*** SUPPLIED ENTRIES ***

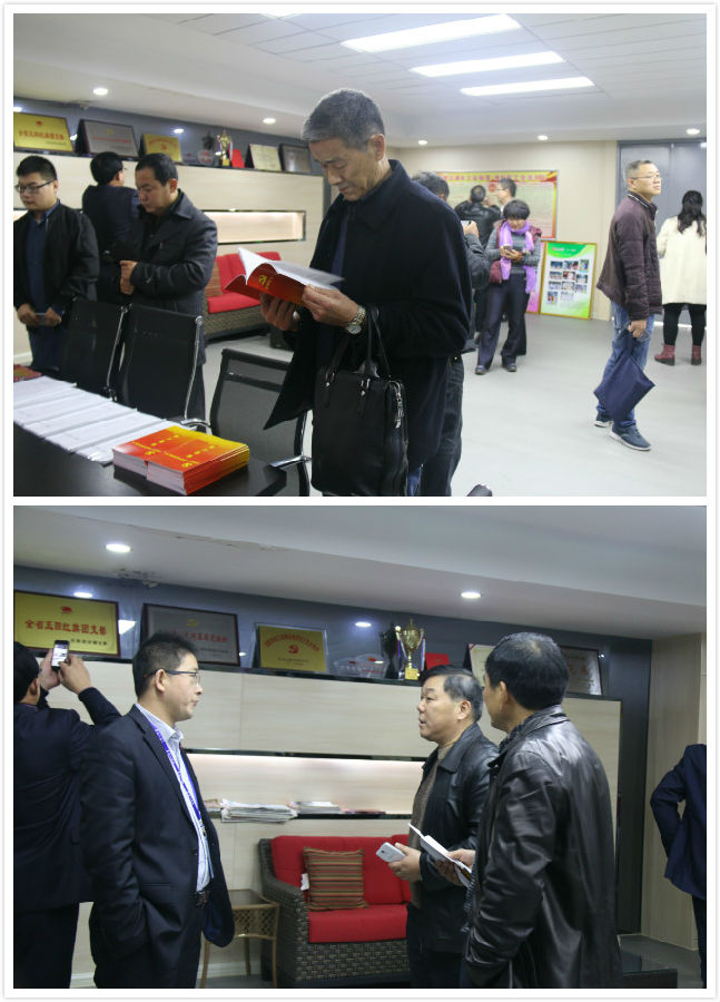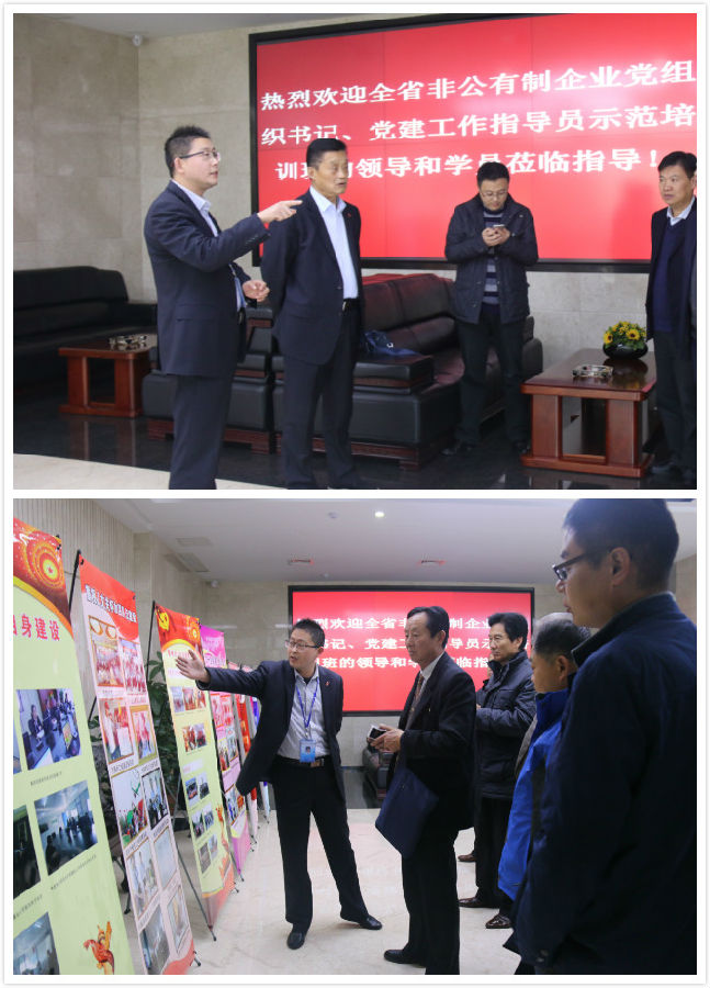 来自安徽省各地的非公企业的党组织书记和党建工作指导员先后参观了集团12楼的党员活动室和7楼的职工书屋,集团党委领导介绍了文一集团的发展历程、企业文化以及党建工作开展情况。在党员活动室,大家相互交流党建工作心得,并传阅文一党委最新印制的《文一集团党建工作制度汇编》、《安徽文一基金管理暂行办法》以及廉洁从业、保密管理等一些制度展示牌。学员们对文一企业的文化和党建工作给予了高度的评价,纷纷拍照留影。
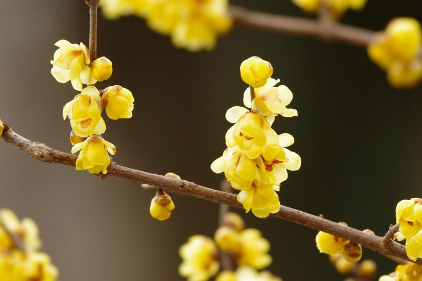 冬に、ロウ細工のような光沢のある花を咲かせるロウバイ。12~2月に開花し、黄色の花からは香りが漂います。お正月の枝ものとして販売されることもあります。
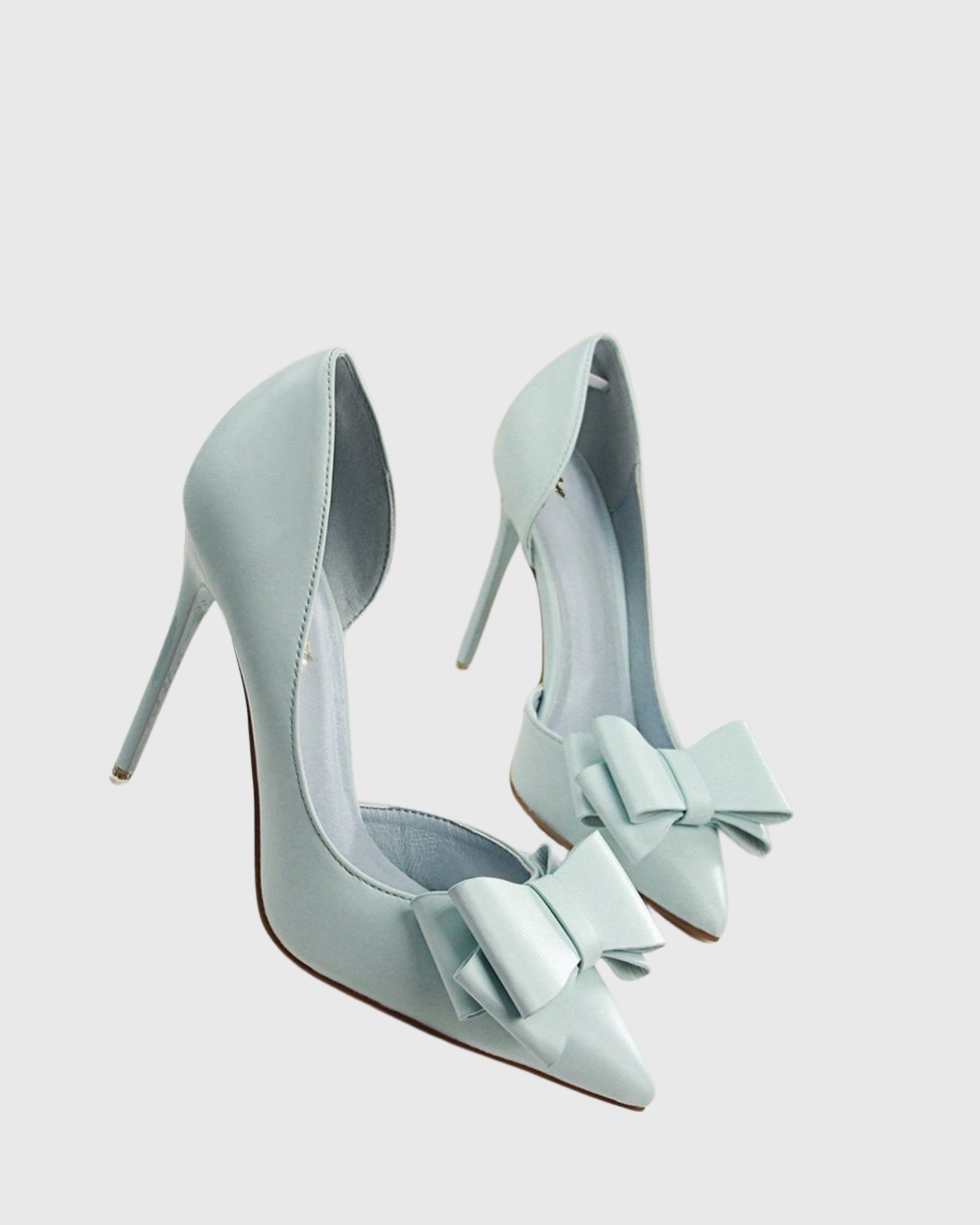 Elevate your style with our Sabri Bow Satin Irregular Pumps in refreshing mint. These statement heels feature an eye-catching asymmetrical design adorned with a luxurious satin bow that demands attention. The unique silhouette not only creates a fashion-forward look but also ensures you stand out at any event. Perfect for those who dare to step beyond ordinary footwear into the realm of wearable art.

*** End of SUPPLIED ENTRIES ***
*** SUPPLIED ENTRIES ***

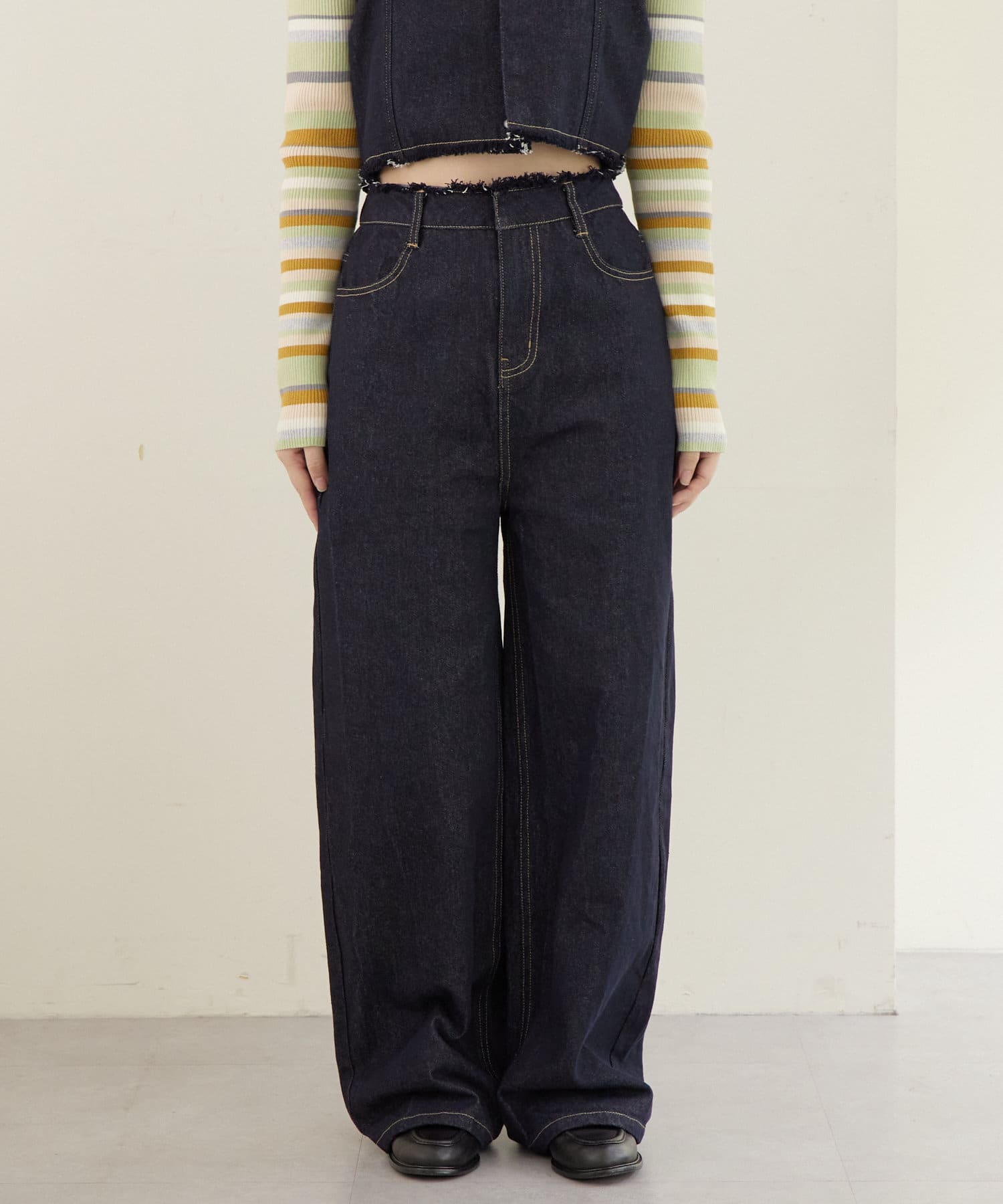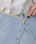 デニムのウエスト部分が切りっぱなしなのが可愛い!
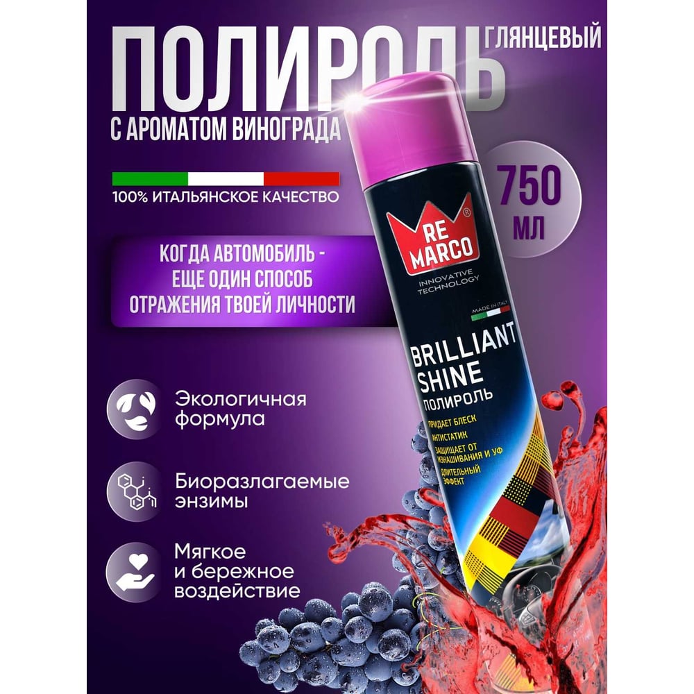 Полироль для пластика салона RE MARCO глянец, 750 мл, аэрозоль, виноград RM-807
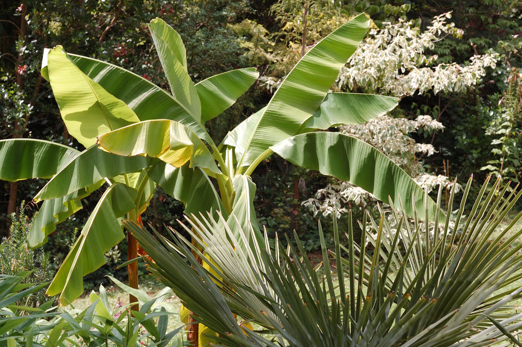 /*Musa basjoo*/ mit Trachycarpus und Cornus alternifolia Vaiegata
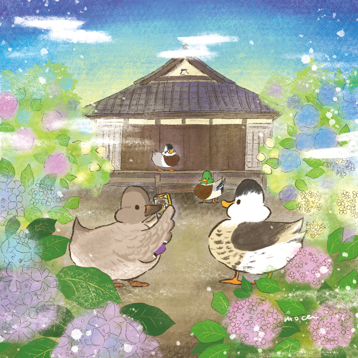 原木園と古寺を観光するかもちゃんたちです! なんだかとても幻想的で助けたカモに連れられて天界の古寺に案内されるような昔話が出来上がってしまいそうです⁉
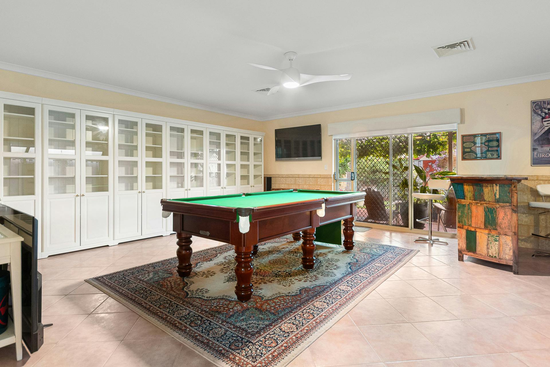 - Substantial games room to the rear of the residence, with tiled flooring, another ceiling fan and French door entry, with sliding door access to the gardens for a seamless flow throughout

*** End of SUPPLIED ENTRIES ***
*** SUPPLIED ENTRIES ***

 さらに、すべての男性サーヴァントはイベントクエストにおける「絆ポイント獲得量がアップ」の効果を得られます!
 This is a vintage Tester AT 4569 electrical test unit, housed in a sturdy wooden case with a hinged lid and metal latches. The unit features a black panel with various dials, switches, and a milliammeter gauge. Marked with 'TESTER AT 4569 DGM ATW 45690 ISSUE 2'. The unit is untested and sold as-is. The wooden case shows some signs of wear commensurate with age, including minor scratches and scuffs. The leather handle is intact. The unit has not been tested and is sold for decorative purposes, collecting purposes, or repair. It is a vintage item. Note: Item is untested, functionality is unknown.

*** End of SUPPLIED ENTRIES ***

_WORK INSTRUCTIONS_
Going by the data above, give back only the lines from the one containing "来自安徽省各地的非公企业的党" through the one containing "冬に、ロウ細工のような光沢の", exactly as they stand, both ends included and no images.

_ANSWER FOR THIS EXERCISE_
 来自安徽省各地的非公企业的党组织书记和党建工作指导员先后参观了集团12楼的党员活动室和7楼的职工书屋,集团党委领导介绍了文一集团的发展历程、企业文化以及党建工作开展情况。在党员活动室,大家相互交流党建工作心得,并传阅文一党委最新印制的《文一集团党建工作制度汇编》、《安徽文一基金管理暂行办法》以及廉洁从业、保密管理等一些制度展示牌。学员们对文一企业的文化和党建工作给予了高度的评价,纷纷拍照留影。
 冬に、ロウ細工のような光沢のある花を咲かせるロウバイ。12~2月に開花し、黄色の花からは香りが漂います。お正月の枝ものとして販売されることもあります。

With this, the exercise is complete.